Pharmacological inhibition of SK-channels with AP14145 prevents atrial arrhythmogenic changes in a porcine model for obstructive respiratory events

Catheter-based pulmonary vein isolation fails to prevent transient atrial arrhythmogenic changes related to acute obstructive respiratory events in a porcine model

AIMS

Pulmonary vein isolation (PVI) is the corner stone of modern rhythm control strategies in patients with atrial fibrillation (AF). Sleep-disordered breathing (SDB) is prevalent in more than 50% of patients undergoing AF ablation, and studies have indicated a greater recurrence rate after PVI in patients with SDB. Herein, we study the effect of catheter-based PVI on AF in a pig model for SDB.

METHODS AND RESULTS

In 11 sedated spontaneously breathing pigs, obstructive apnoeas were simulated by 75 s of intermittent negative upper airway pressure (INAP) applied by a negative pressure device connected to the endotracheal tube. Intermittent negative upper airway pressures were performed before and after PVI. AF-inducibility and atrial effective refractory periods (aERPs) were determined before and during INAP by programmed atrial stimulation. Pulmonary vein isolation prolonged the aERP by 48 ± 27 ms in the right atrium (RA) (P < 0.0001) and by 40 ± 34 ms in the left atrium (LA) (P = 0.0004). Following PVI, AF-inducibility dropped from 28 ± 26% to 0% (P = 0.0009).
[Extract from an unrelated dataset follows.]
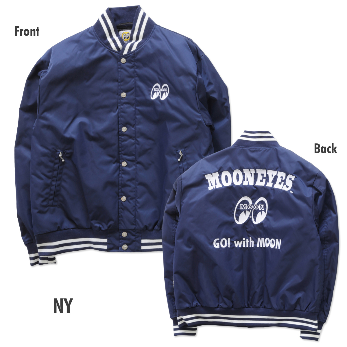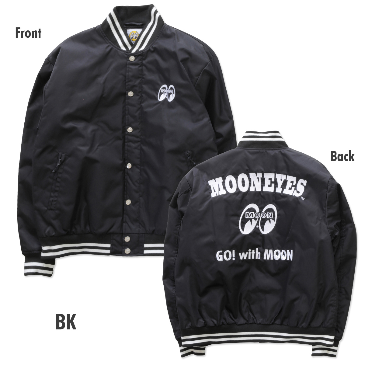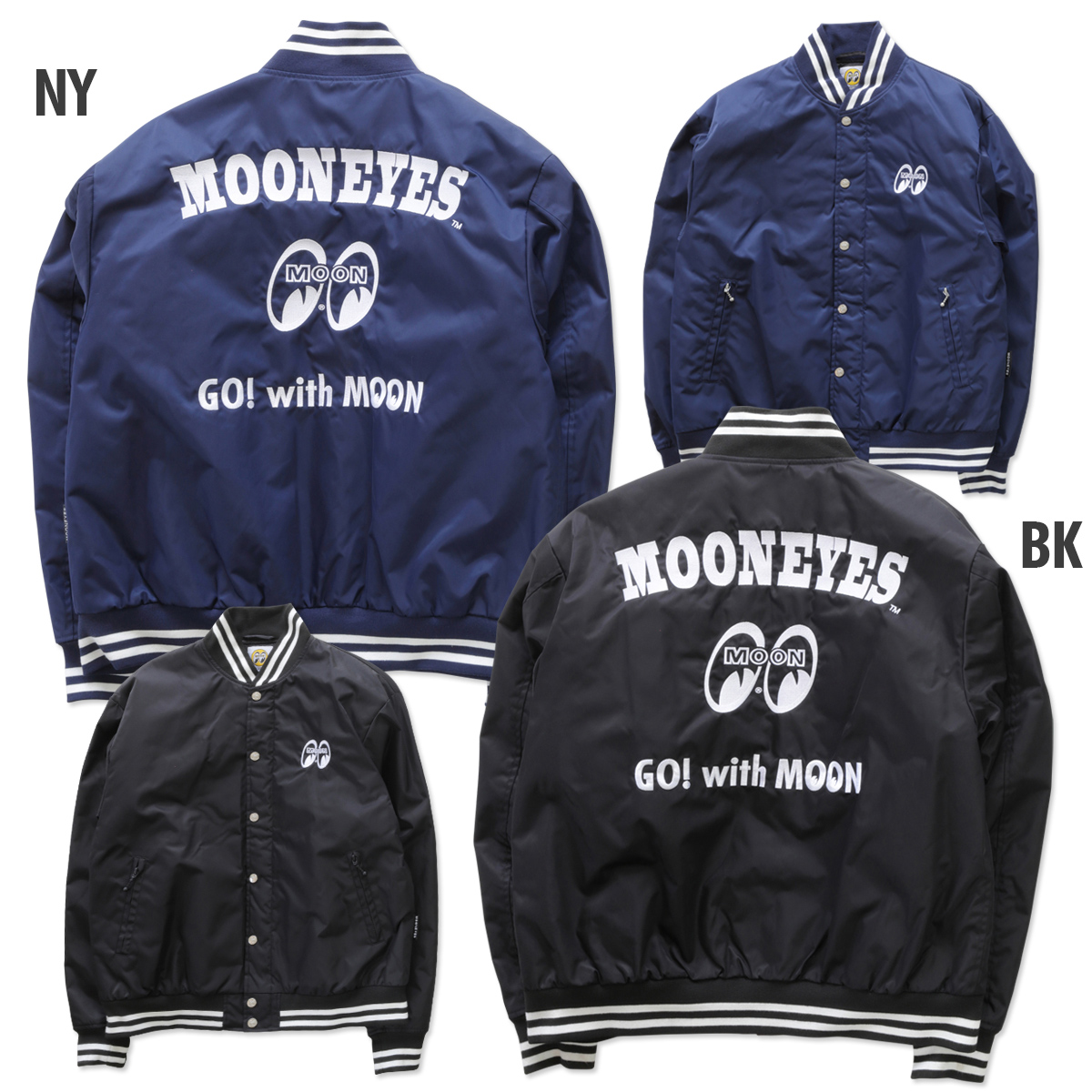 The chest features a one-point MOON Eyeshape logo, while the back is embroidered with both the MOONEYES Eyeshape and GO! with MOON logos.

Intermittent negative upper airway pressure was associated with a transient aERP-shortening (ΔaERP) in both atria, which was not prevented by PVI (INAP indued ΔaERP after PVI in the RA: -57 ± 34 ms, P = 0.0002; in the LA: -42 ± 24 ms, P < 0.0001). Intermittent negative upper airway pressure was associated with a transient increase in AF-inducibility (from 28 ± 26% to 69 ± 21%; P = 0.0008), which was not attenuated by PVI [INAP-associated AF-inducibility after PVI: 58 ± 33% (P = 0.5)].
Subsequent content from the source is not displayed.